PROVIDED DATA
------------------------------------------------

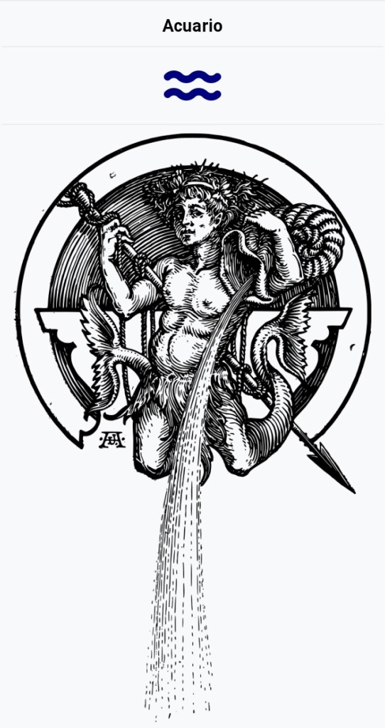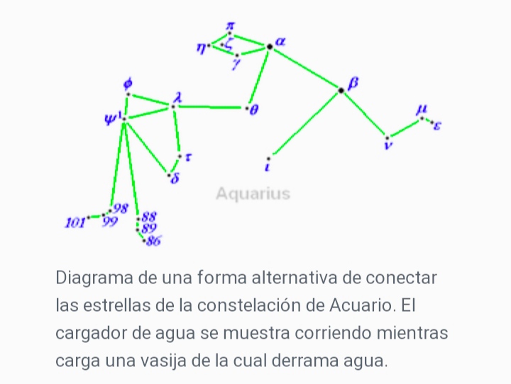 Nota aclaratoria: El que sepa de Astrología reparará en una aparente equivocación que puedo haber tenido al decir que Acuario es un signo de agua ya que es clasificado actualmente como signo de aire pero es una de las constelaciones más antiguas y que apareciera ya en la lista de las 48 constelaciones que fueron catalogadas por el astrónomo griego Ptolomeo en el siglo II después de Cristo.
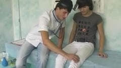 Um desses meninos é médico e quer ajudar seu amigo se sentir melhor Ele puxa seu pau e penetra sua bunda para fazê-lo se vir.
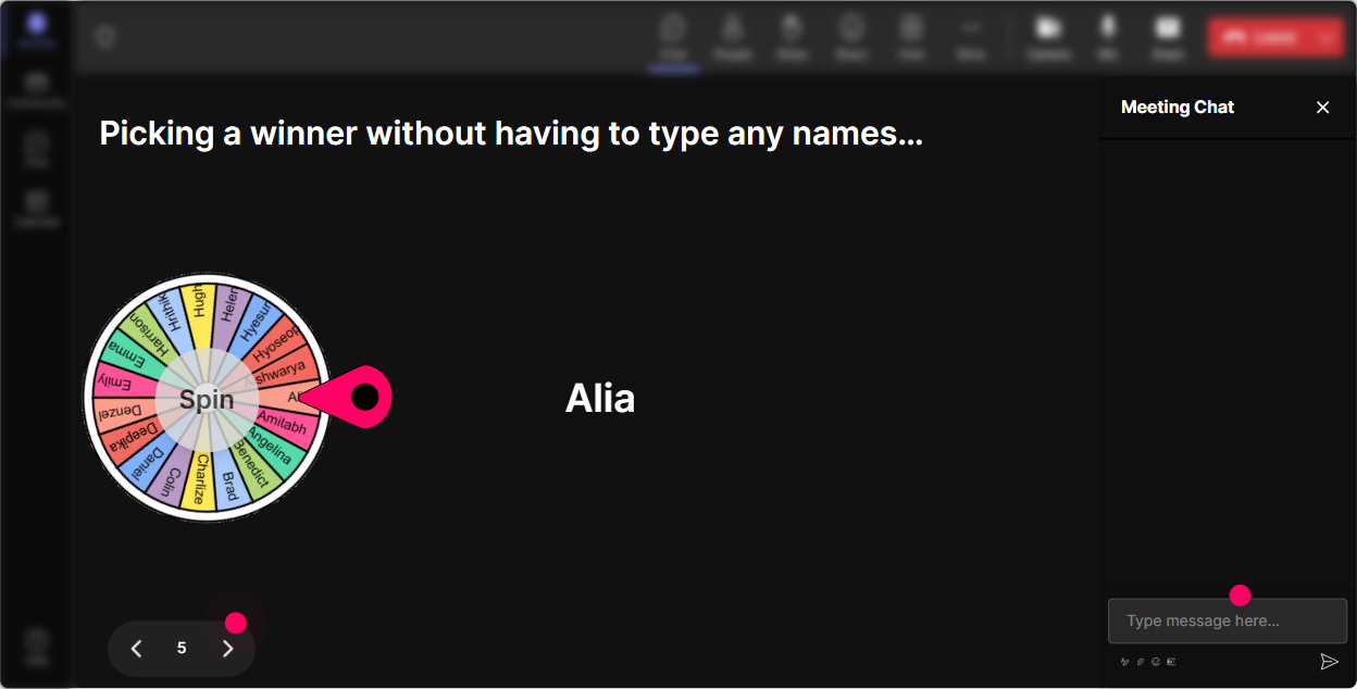 You know that moment when you ask, Who wants to share? and suddenly everyone becomes a statue? Yeah. Use **Winner Wheel** to make sharing playful and fair. You can spin from people who commented during a specific interaction-so it rewards participation too. How to use it in Rapid Teaming training: - After a poll: Im going to spin the wheel-winner gives us a 20-second reason why they picked that option. - After Talking Tiles: Wheel time-tell us more about your tile example. - During role-play: Lets spin for who plays the project lead in this scenario. Trainer tip: Set expectations kindly: If it lands on you, you can pass-but Im hoping youll help us out. Participation goes up without forcing anyone.
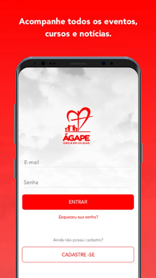 With the Ágape app you can follow the entire schedule of events and courses, news and the church's agenda, in addition to sharing and receiving prayers, organizing solidarity actions, attending live services, making donations and much more!

------------------------------------------------

WHAT THE TASK REQUIRES
Output the listing unchanged, pictures excluded.

SOLUTION
 Nota aclaratoria: El que sepa de Astrología reparará en una aparente equivocación que puedo haber tenido al decir que Acuario es un signo de agua ya que es clasificado actualmente como signo de aire pero es una de las constelaciones más antiguas y que apareciera ya en la lista de las 48 constelaciones que fueron catalogadas por el astrónomo griego Ptolomeo en el siglo II después de Cristo.
 Um desses meninos é médico e quer ajudar seu amigo se sentir melhor Ele puxa seu pau e penetra sua bunda para fazê-lo se vir.
 You know that moment when you ask, Who wants to share? and suddenly everyone becomes a statue? Yeah. Use **Winner Wheel** to make sharing playful and fair. You can spin from people who commented during a specific interaction-so it rewards participation too. How to use it in Rapid Teaming training: - After a poll: Im going to spin the wheel-winner gives us a 20-second reason why they picked that option. - After Talking Tiles: Wheel time-tell us more about your tile example. - During role-play: Lets spin for who plays the project lead in this scenario. Trainer tip: Set expectations kindly: If it lands on you, you can pass-but Im hoping youll help us out. Participation goes up without forcing anyone.
 With the Ágape app you can follow the entire schedule of events and courses, news and the church's agenda, in addition to sharing and receiving prayers, organizing solidarity actions, attending live services, making donations and much more!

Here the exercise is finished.